> **Exercise instructions**
The pictures in the listing below are to be skipped, while the lines between the line holding "Tutorial HeidiSQL with" and the line holding "Apple Watch SE", inclusive, are to be output exactly.

> **Data in this exercise**
· · · · ·

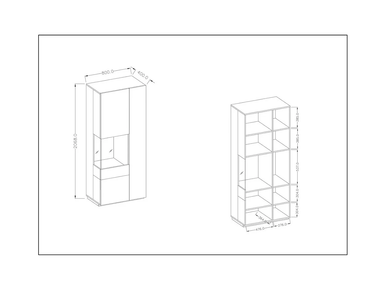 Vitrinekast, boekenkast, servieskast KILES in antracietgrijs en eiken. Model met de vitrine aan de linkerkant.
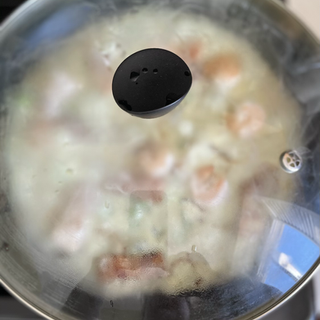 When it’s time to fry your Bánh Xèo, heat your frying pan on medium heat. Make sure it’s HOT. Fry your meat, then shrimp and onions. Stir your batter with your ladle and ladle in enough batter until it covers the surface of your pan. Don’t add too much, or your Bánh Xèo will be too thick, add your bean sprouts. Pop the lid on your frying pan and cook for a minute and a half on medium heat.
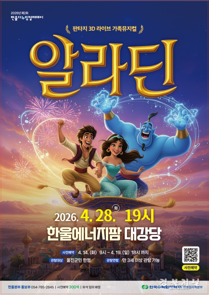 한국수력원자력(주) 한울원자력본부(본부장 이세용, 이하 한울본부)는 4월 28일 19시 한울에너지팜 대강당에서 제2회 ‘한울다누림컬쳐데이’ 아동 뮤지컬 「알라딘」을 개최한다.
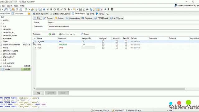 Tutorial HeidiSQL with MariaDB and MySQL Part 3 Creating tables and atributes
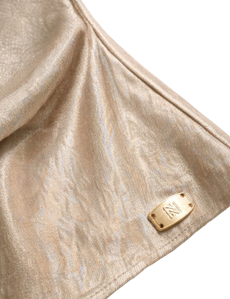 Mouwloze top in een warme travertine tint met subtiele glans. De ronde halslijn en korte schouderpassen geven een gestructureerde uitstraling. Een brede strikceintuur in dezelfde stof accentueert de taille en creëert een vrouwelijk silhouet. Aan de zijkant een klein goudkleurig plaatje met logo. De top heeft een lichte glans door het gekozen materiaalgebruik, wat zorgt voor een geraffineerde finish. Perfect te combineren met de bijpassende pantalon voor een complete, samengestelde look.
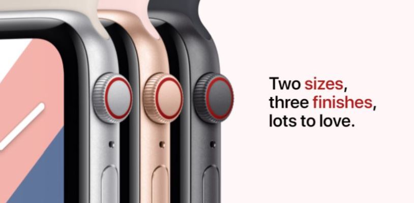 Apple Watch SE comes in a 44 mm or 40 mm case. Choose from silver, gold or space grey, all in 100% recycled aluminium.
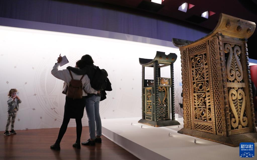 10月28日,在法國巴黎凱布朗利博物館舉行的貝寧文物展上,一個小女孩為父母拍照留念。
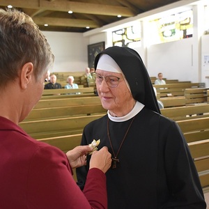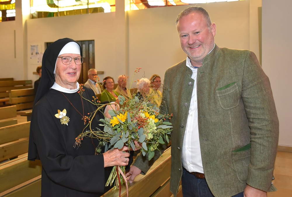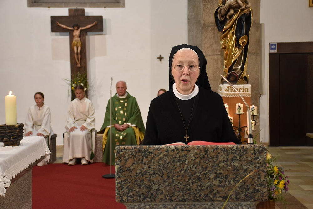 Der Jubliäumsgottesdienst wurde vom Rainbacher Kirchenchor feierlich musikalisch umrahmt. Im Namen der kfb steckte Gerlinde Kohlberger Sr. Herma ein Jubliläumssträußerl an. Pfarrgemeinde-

· · · · ·

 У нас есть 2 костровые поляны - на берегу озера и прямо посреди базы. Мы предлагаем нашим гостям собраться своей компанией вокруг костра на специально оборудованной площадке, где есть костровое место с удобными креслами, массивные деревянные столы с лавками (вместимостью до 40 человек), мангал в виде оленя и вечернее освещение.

· · · · ·

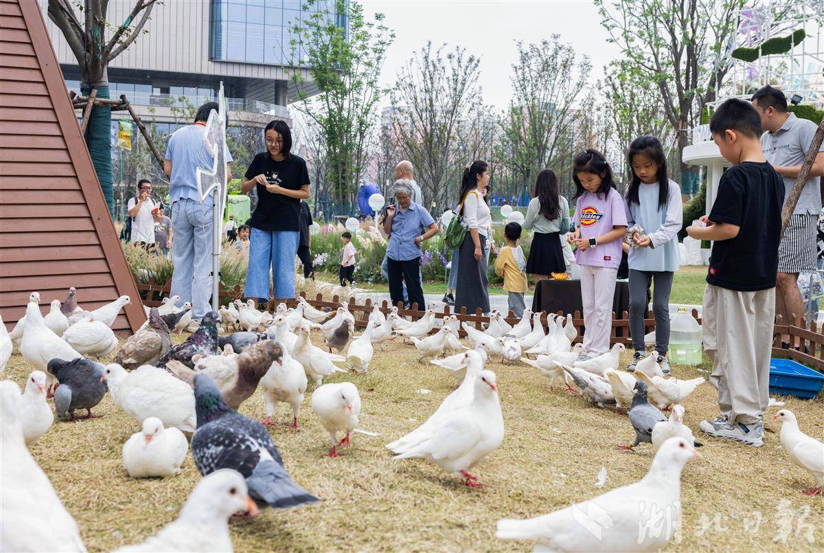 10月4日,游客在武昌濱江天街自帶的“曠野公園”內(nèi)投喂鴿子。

· · · · ·

> **Solution below**
 Tutorial HeidiSQL with MariaDB and MySQL Part 3 Creating tables and atributes
 Mouwloze top in een warme travertine tint met subtiele glans. De ronde halslijn en korte schouderpassen geven een gestructureerde uitstraling. Een brede strikceintuur in dezelfde stof accentueert de taille en creëert een vrouwelijk silhouet. Aan de zijkant een klein goudkleurig plaatje met logo. De top heeft een lichte glans door het gekozen materiaalgebruik, wat zorgt voor een geraffineerde finish. Perfect te combineren met de bijpassende pantalon voor een complete, samengestelde look.
 Apple Watch SE comes in a 44 mm or 40 mm case. Choose from silver, gold or space grey, all in 100% recycled aluminium.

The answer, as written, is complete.